In 2001, Amtrak begun Downeaster service between Boston and Portland, which ran past but did not stop at Kennebunk. Some residents started to call for a stop at Kennebunk to attract tourists to the town, with serious discussions beginning in 2010. In May 2014, the Northern New England Passenger Rail Authority (which governs Downeaster operations) agreed to add a station stop at Kennebunk. Service as soon as 2015 was considered, but will be delayed until at least 2016 due to the timing of state funding.

In June 2014, Kennebunk voters approved a $300,000 tax increment financing (TIF) plan, which along with $60,000 from Maine Department of Transportation Congestion Mitigation and Air Quality (CMAQ) funds and another $800,000 in CMAQ funds in 2016 would supply the $1.16 million needed to build the station. In October 2014, $183,000 of the TIF money was dedicated to build a 55-space parking lot near the station. In October 2015, the town signed a grant agreement for the station, though the remaining state funds were not yet guaranteed. The town would also pay the $45,000 in annual maintenance costs from the TIF funds.

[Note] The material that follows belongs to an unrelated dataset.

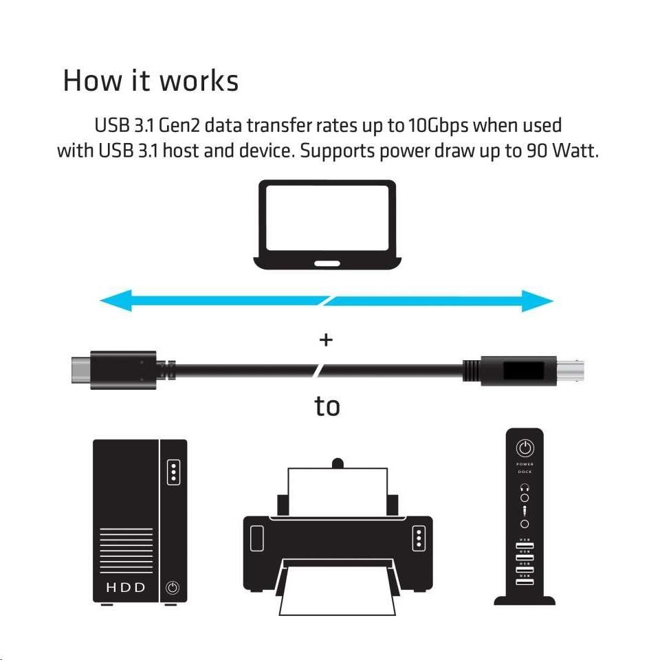 - Připojí zařízení typu USB-B k notebookům, tabletům a ultrabookům s rozhraním USB-C 3.1.
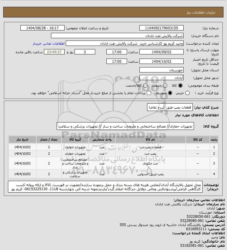 | 1 | -- | قطعات پمپ جت | عدد | تجهیزات حفاری | 2 | 1404/10/02 |

A small section of the former Boston & Maine depot building was to be leased for use as a waiting area, as required by a deed restriction placed when the property was purchased from the B&M in the 1960s. A 300-foot platform with a high-level section for accessibility was to be built behind the station building. Like Old Orchard Beach, it would have been a seasonal stop only open from April to October, though town officials hoped it might eventually be a year-round stop. By October 2015, the station was expected to be completed by 2017 or 2018. On October 9, 2018, the Kennebunk Board of Selectmen cancelled the station project over concerns about the suitability of the site.

In July 2019, the owners listed the building for sale for $939,000.